Items from a dataset:

+===+

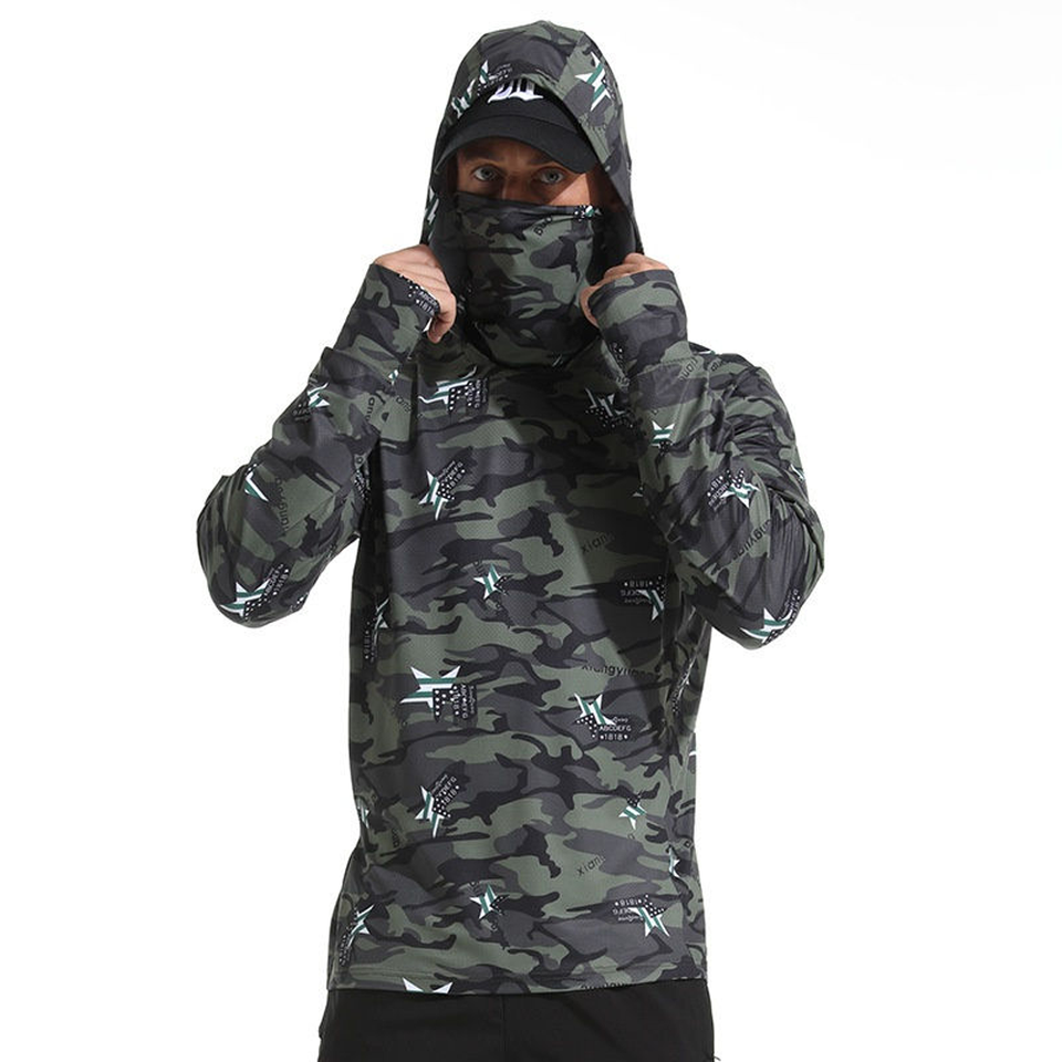 ชุดตกปลาแห้งเร็ว ระบายอากาศได้ดี ป้องกันแสงแดด UPF 50 ผลิตจากผ้าสแปนเด็กซ์ผสมโพลีเอสเตอร์ ลายพิมพ์
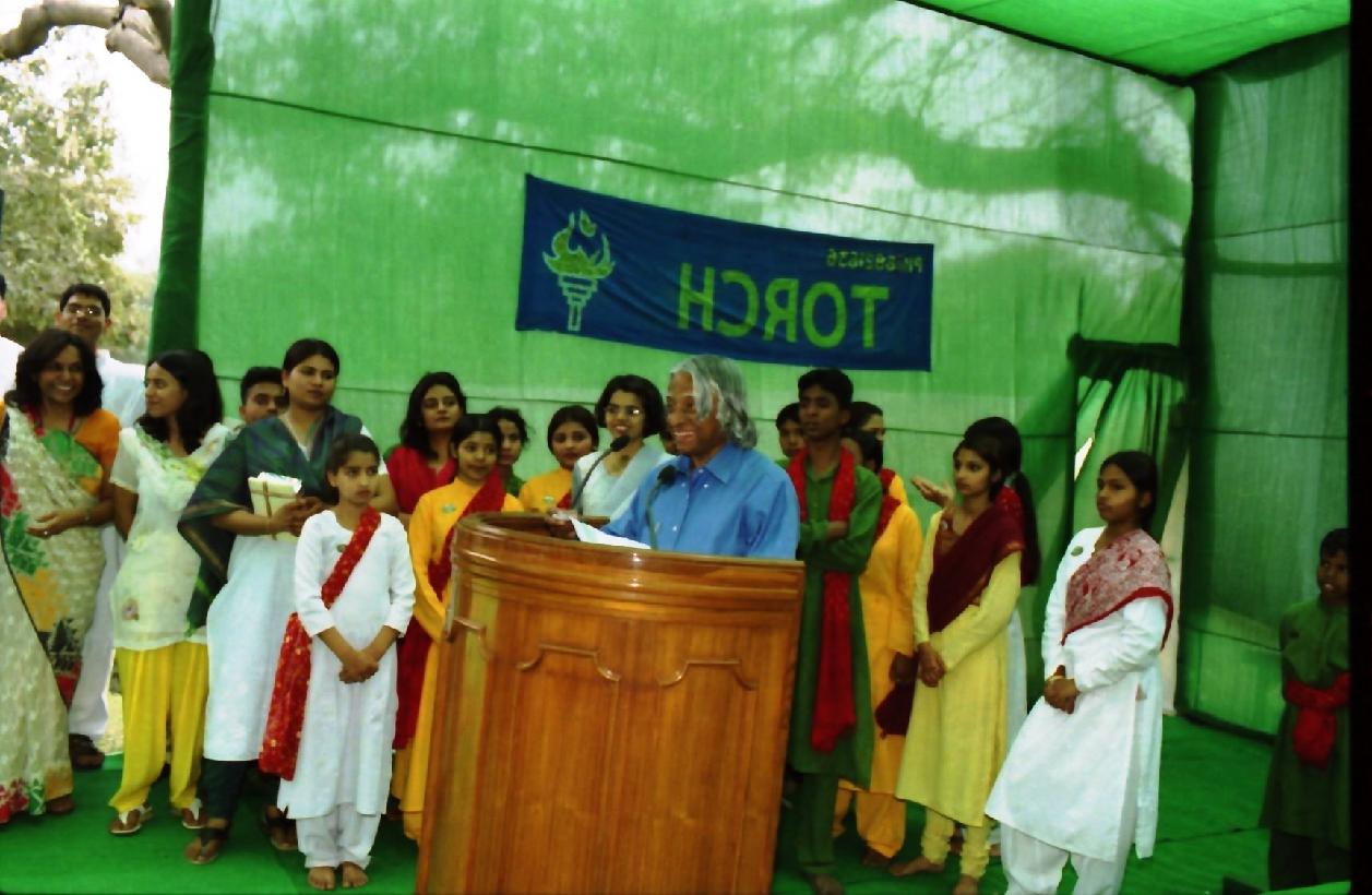 | Caption: | The President of India, Dr A P J Abdul Kalam at the Play cum Dance Programme by the Children of Training Organisation for Research Counselling in Health at Kalyan Kendra, President's Estate in New Delhi on April 04, 2003 |
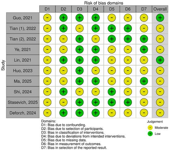 The evaluation of the methodological quality of the included studies was done by using the updated ROBINS-I tool by two independent reviewers, and any discrepancies were resolved through discussion and consensus. Risk of bias assessments were visualized through plots generated with the robvis web application (URL: https://mcguinlu.shinyapps.io/robvis/, accessed on 15 September 2025) (Figure 2).
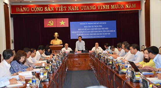 Báo cáo tại buổi làm việc, đồng chí Lê Thanh Liêm – Phó Chủ tịch Thường trực UBND TP.HCM cho biết, trong 5 năm qua, TP có những chuẩn bị chu đáo, tích cực để đưa những nội dung NQ 29 vào thực tiễn đời sống, góp phần để GD-ĐT TP tiếp tục phát triển, giữ vững ngọn cờ đầu của cả nước, từng bước hội nhập với các nước trong khu vực và trên thế giới.
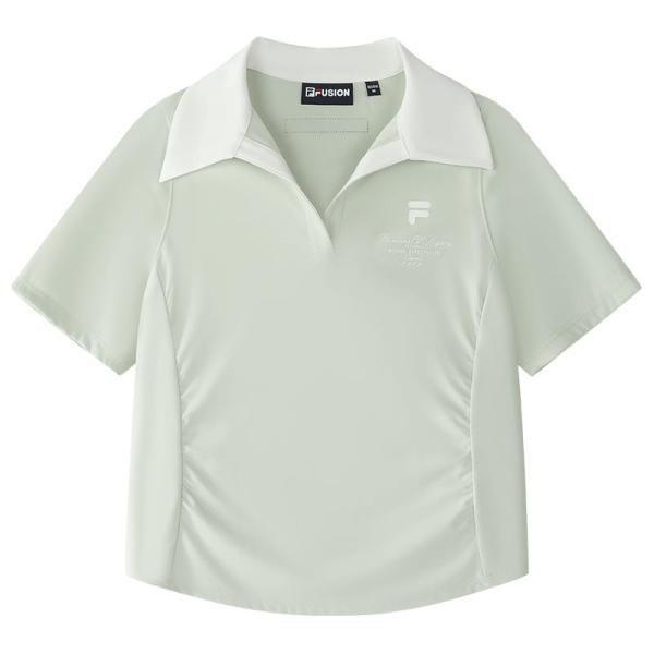 FILA FUSION斐乐潮牌女子针织短袖POLO衫2025夏时尚修身上衣 豆荚绿 M
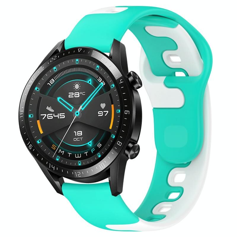 Για Huawei GT2 46mm 22mm Διπλό χρώμα σιλικόνης ρολόι μπάντα (Cyan + Λευκό)
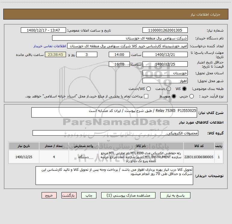 شرح کلی نیاز: Relay 7SJ85 P1J553025 / طبق شرح پیوست / ایران کد مشابه است
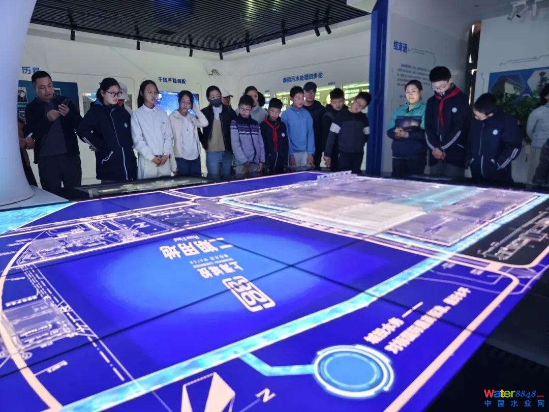 在污水廠一期工程和二期工程的沙盤前,孩子們直觀地看到了泰和污水廠的立體空間和三維結(jié)構(gòu),下方是復(fù)雜的污水凈化處理平臺,負責將每天收納的污水凈化成完全達標的無害化水,地面以上則是美輪美奐的花園綠地,整個廠區(qū)風景優(yōu)美、空氣清新,完全沒有傳統(tǒng)污水廠散發(fā)的污水臭氣。
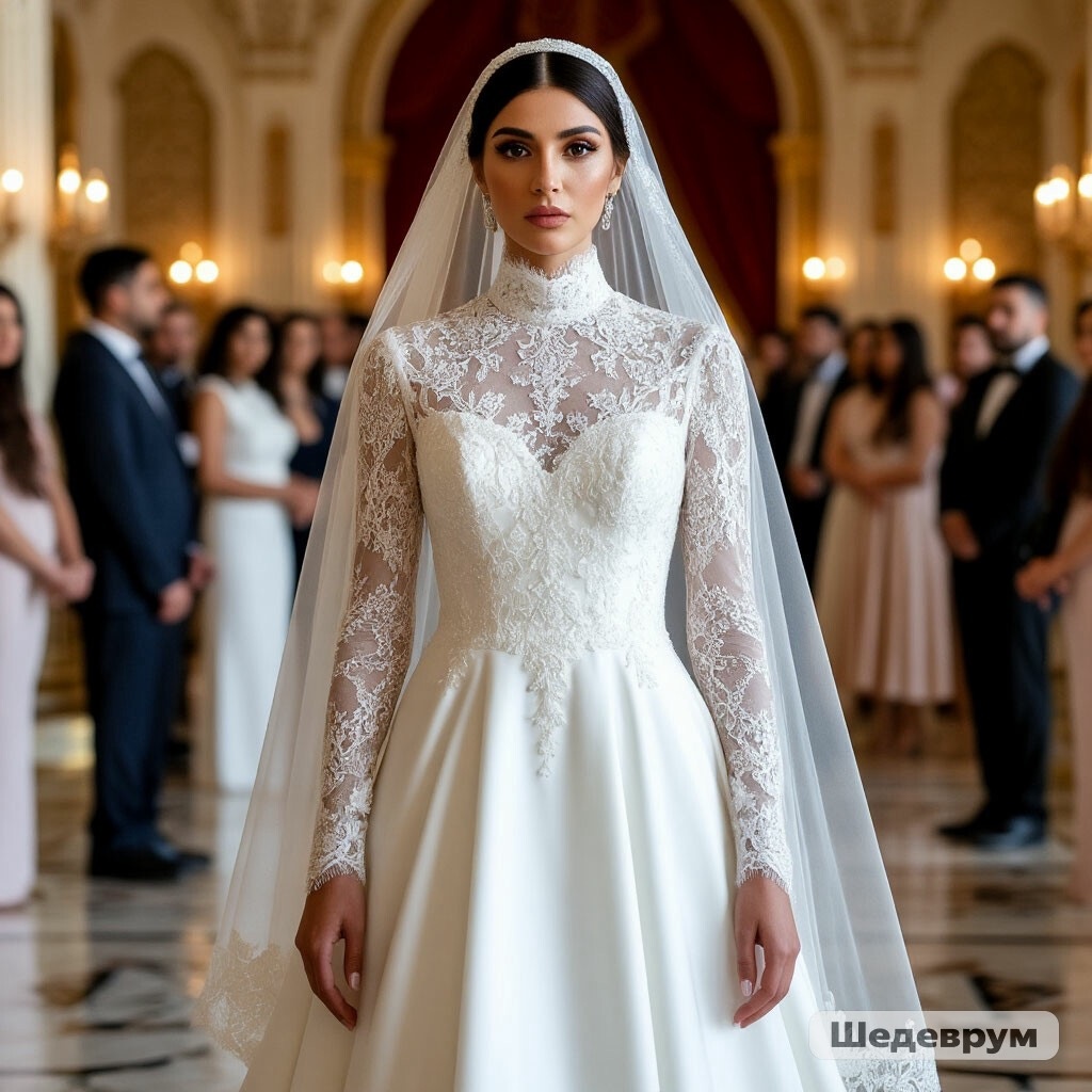 Зарема вошла в зал в белом. Платье было прекрасным в своей строгой простоте — длинные рукава, закрытая горловина, никаких страз, только тончайшее кружево по подолу. Вместо фаты — шелковый платок цвета слоновой кости, скрывавший ее волосы. Она выглядела не как сияющая невеста, а как жрица, идущая на заклание с высоко поднятой головой. Ее красота в этот миг была суровой и печальной.
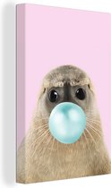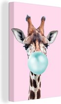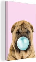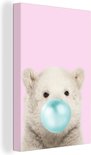 Canvas schilderij kinderen - IJsbeer - Kauwgom - Roze - Blauw - Kinderen - Meisjes - Canvas Meisjes - Muurdecoratie Meiden - Kids - 60x90 cm
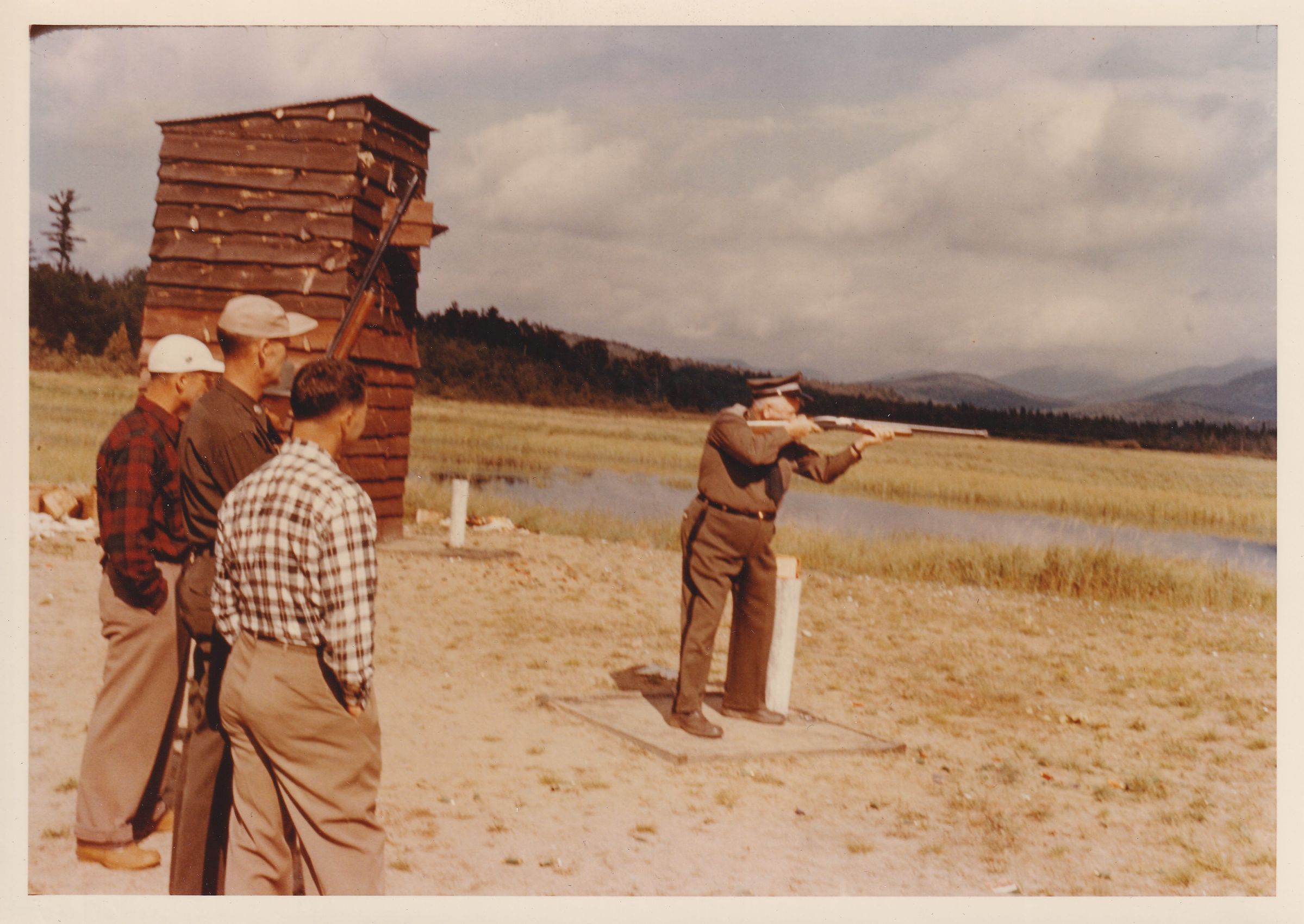 Color photograph of Ray Burmaster in uniform, shooting at a rifle range. Three men are looking on.

+===+

**Aim of the exercise**
In the entries above, find the line containing "FILA FUSION斐乐潮牌女子针织短袖POLO衫2025夏时尚修身上衣 豆荚绿 M" and the line containing "Canvas schilderij kinderen", then copy both and every line between them exactly, without any picture.

**Exercise answer**
 FILA FUSION斐乐潮牌女子针织短袖POLO衫2025夏时尚修身上衣 豆荚绿 M
 Για Huawei GT2 46mm 22mm Διπλό χρώμα σιλικόνης ρολόι μπάντα (Cyan + Λευκό)
 شرح کلی نیاز: Relay 7SJ85 P1J553025 / طبق شرح پیوست / ایران کد مشابه است
 在污水廠一期工程和二期工程的沙盤前,孩子們直觀地看到了泰和污水廠的立體空間和三維結(jié)構(gòu),下方是復(fù)雜的污水凈化處理平臺,負責將每天收納的污水凈化成完全達標的無害化水,地面以上則是美輪美奐的花園綠地,整個廠區(qū)風景優(yōu)美、空氣清新,完全沒有傳統(tǒng)污水廠散發(fā)的污水臭氣。
 Зарема вошла в зал в белом. Платье было прекрасным в своей строгой простоте — длинные рукава, закрытая горловина, никаких страз, только тончайшее кружево по подолу. Вместо фаты — шелковый платок цвета слоновой кости, скрывавший ее волосы. Она выглядела не как сияющая невеста, а как жрица, идущая на заклание с высоко поднятой головой. Ее красота в этот миг была суровой и печальной.
 Canvas schilderij kinderen - IJsbeer - Kauwgom - Roze - Blauw - Kinderen - Meisjes - Canvas Meisjes - Muurdecoratie Meiden - Kids - 60x90 cm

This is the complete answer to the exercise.